WORK ITEM: Copy the listing below in full and skip every picture.

DATA:
*** Block opens ***
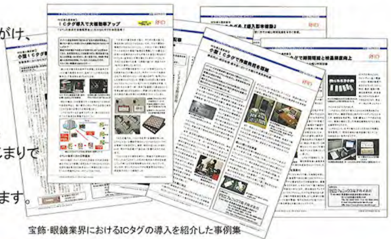
宝飾・眼鏡業界におけるICタグの導入を紹介した事例集

2004年に私どもが 小型 ICタグ を開発し宝飾・眼鏡業界にご紹介させていただいたのがはじまりで棚卸・商品持出の作業時間を大幅短縮することが認められ、多くのお客様にご導入をいただいております。
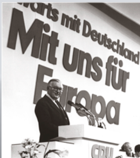
EGON ALFRED KLEPSCH, 1977-1982 und 1984-1992 Vorsitzender der EVP-Fraktion, 1992-1994 Präsident des Europäischen Parlaments
*** Block closes ***
RESULT OF THIS TASK:
宝飾・眼鏡業界におけるICタグの導入を紹介した事例集

2004年に私どもが 小型 ICタグ を開発し宝飾・眼鏡業界にご紹介させていただいたのがはじまりで棚卸・商品持出の作業時間を大幅短縮することが認められ、多くのお客様にご導入をいただいております。
EGON ALFRED KLEPSCH, 1977-1982 und 1984-1992 Vorsitzender der EVP-Fraktion, 1992-1994 Präsident des Europäischen Parlaments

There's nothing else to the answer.